Antimicrobial and Genomic Characterization of Salmonella Nigeria from Pigs and Poultry in Ilorin, North-central, Nigeria
Keywords:Salmonella enterica Nigeria, MLST, antimicrobial resistance, virulence genes, plasmids, genomics
Introduction: Non-typhoidal Salmonella are major foodborne pathogens causing serious challenges to public health and food safety worldwide. This study aimed to determine the resistance, virulence genes, sequence type, using multi-locus sequence typing, plasmids and Single Nucleotide Polymorphisms (SNPs) of Salmonella enterica subsp. enterica serovar Nigeria (S. Nigeria) from livestock in Ilorin, North central Nigeria.
Methodology: A total of 1,500 samples from pig (feces; n = 600) and poultry (feces, postmortem samples; n = 900) were collected and analyzed between 2014 to 2017. Presumptive Salmonella isolates were characterized by Whole Genome Sequencing (WGS).

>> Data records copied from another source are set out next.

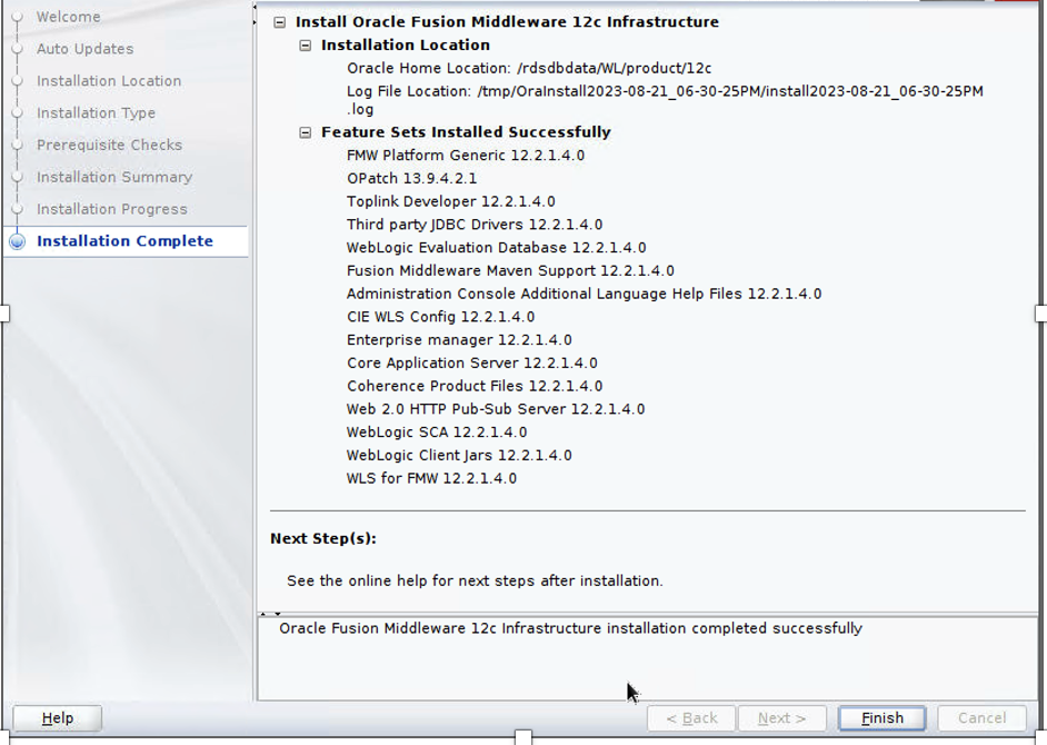 - When the installation is complete, review the installed components and choose Finish.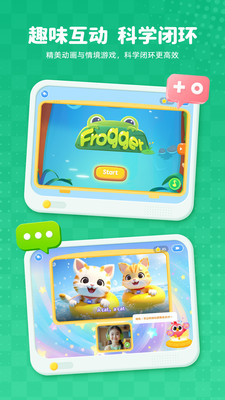 1、支持实时语音互动纠音,核心词汇结合趣味游戏巩固,英文儿歌可跟读录制,多维激励机制点燃持续学习热情。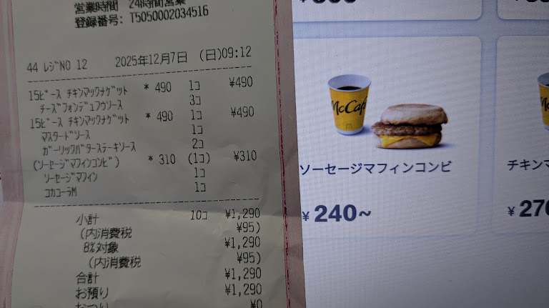 (コンビ系が初めてなんです。ソーセージマフィンとかそのセットは数え切れないくらいに食べてます☆)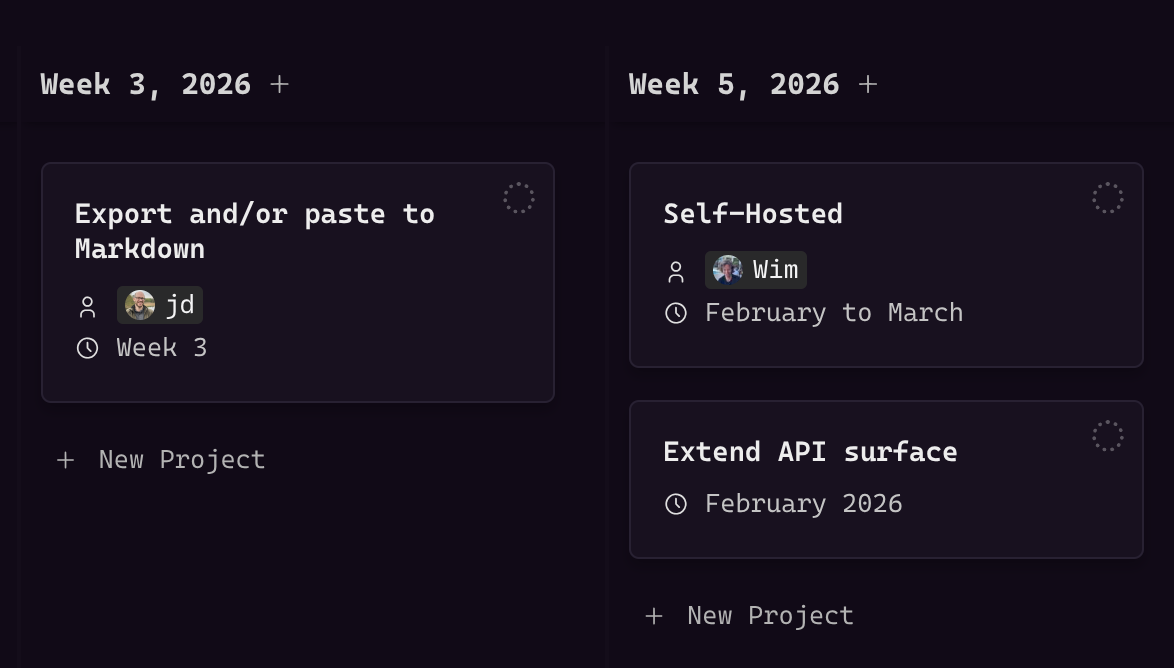 We track Thymer bugs, of course, in Thymer ourselves, assign them, plan them, and have notes about them. But it's not public.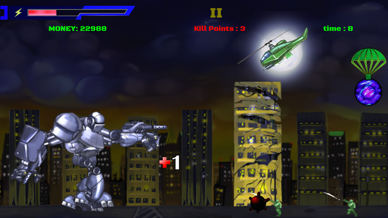 Mega Bots are everywhere. Alien technology has invaded earth. Huge Robots are sent from Distant planets to kill everyone. You are the pilot of one of these heavy terror machine. Kill Anything and Everything in your path. Show no mercy. Level the ground with fury and power of your Mega Bot and make place for the alien race to thrive on Earth. Everyone tries to be hero,lets try something new with the killer Mega Bots.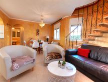 Urb Costa Zefir: Lijepa, komforna vila "Pasja". U samom mjestu 1 km od centra mjesta Miami-Platja, sunčano mjesto, 1.2 km od mora, 1.2 km od plaže. Za samostalno korištenje: parcela 620 m2 (ograđena), bazen pravokutni (10 x 4 m, 80- 190 cm dubok, sezonska dostupnost: 01.Jan. - 31.Dec.) s unutarnjim stepenicama. Pergola, vrtna garnitura za sjedenje. Bazen održava vlasnik/vrtlar Parking uz kuću. Supermarket 350 m, restoran 1.3 km, pekara 350 m, željeznička postaja "Hospitalet" 3 km, uvala za kupanje 1.9 km. Golf teren (13 rupa) 3 km. U blizini: parque Portaventura 28 km, parque acuático Aquopolis 31 km, parque Natural del Delta del Ebro 53 km, Tarragona 37 km, Reus 30 km, Barcelona 132 km. Dodatna informacija: preporučljiv vlastiti prijevoz. Grupe mladih samo na upit.Interior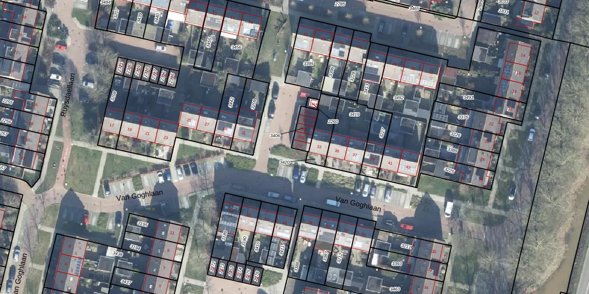 Van Goghlaan 31-f is gelegen op kadastraal perceel WDB02E3406. Deze kadastrale aanduiding is uniek en wordt gebruikt door het Kadaster om eigendomsrechten en andere zakelijke rechten vast te leggen. Het perceel maakt onderdeel uit van de kadastrale gemeente Woudenberg.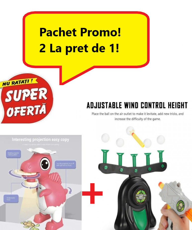 Set pistol si tinta cu aer DARK SHOT este conceput pentru tragere rapida si tintire precisa. Este perfect pentru practicarea abilitatilor de precizie, imbunatatirea concentratiei, coordonarii senzoriale si motrice. AVANTAJE, BENEFICII ȘI CARACTERISTICI Un joc distractiv care îi încântă atât pe cei mici cât și pe maturi Ideal pentru serile petrecute în familie Îmbunătățește coordonarea O idee originală de cadou Duze reglabile Dimensiuni: 33×9.5x32cm Greutate: 739g Material: PVC Comandă acum pistolul cu țintă zburătoare Un joc care va deveni o adevărată noutate pentru întreaga familie. Condimentează-ți serile cu un joc aparent simplu , care îți va pune la încercare abilitățile de tragere oferind în același timp ore în șir de distracție . Caracteristici care te vor convinge: Un joc incredibil de distractiv care îi încântă atât pe cei mici cât și pe maturi Perfect pentru socializare în timpul vacanțelor, petrecerilor și serilor petrecute în familie Îmbunătățește coordonarea și precizia de tragere Duzele țintei sunt reglabile ceea ce permite ajustarea dificultății Setul include un stand cu 5 tevi din care iese aer, pe care plutesc cele 5 bile incluse in pachet si pe care trebuie sa le nimeresti, o pusca si „gloante” de spuma plus o magazie de gloante atasabila, permitand astfel folosirea munitiei rapid. Este perfect pentru practicarea abilitatilor de precizie, imbunatatirea concentratiei, coordonarii senzoriale si motrice. Sunt necesare 3 baterii AA (nu sunt incluse) Varsta recomandata: 4+ Proiector Pentru Desen in Forma de Dinozaur Acest proiector va deveni instant jucaria preferata a copilului dumneavoastra. Este ideal si pentru a fi facut cadou. Proiectiile sale vor captiva copiii si ii vor face sa deseneze din ce in ce mai bine, exersandu-si astfel latura artistica! Este durabil, fabricat din materiale de calitate. Pachetul include pe langa jucaria in sine, carioci (pe baza de apa), planse si discurile cu proiectii Functioneaza cu baterii acestea nu sunt incluse in pachet Vanzatorul face eforturi permanente pentru a pastra acuratetea informatiilor din acesta pagina. Rareori acestea pot contine inadvertente: fotografia are caracter informativ si poate contine accesorii neincluse in pachetele standard, unele specificatii sau pretul, pot fi modificate de catre producator fara preaviz sau pot contine erori de operare. Toate promotiile prezente in site sunt valabile in limita stocului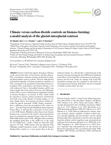 Martin Calvo, M., Prentice, I. C. and Harrison, S. P. ORCID: https://orcid.org/0000-0001-5687-1903 (2014) Climate versus carbon dioxide controls on biomass burning: a model analysis of the glacial–interglacial contrast. Biogeosciences, 11 (21). pp. 6017-6027. ISSN 1726-4170 doi: 10.5194/bg-11-6017-2014

Results: We recovered nine S. Nigeria serovars. All the isolates harbored a single point mutation parC(T57S) in addition to qnrB19 and the tetA gene. Furthermore, two plasmids, Col(pHAD28) and IncQ1 predicted to encode qnrB19 and tetA genes, respectively, were detected in all the strains. All the isolates belonged to a single sequence type (ST) 4911, the SNP-based phylogeny showed all the isolates to be highly related, in addition two clinical isolates from the United Kingdom (UK) and Canada, collected outside of this study, also fell into this cluster. Twenty virulence genes were identified from Salmonella Pathogenicity Islands (SPI), chromosomal and fimbriae loci.
Conclusions: This study highlights the roles of pig and poultry in the emergence and spread of S. Nigeria serovar in Nigeria, sub-Sahara Africa. It also highlighted the importance of WGS in clinical and epidemiological surveillance. There is the need for collaborative research studies to investigate the public health importance of Salmonella enterica serovar Nigeria.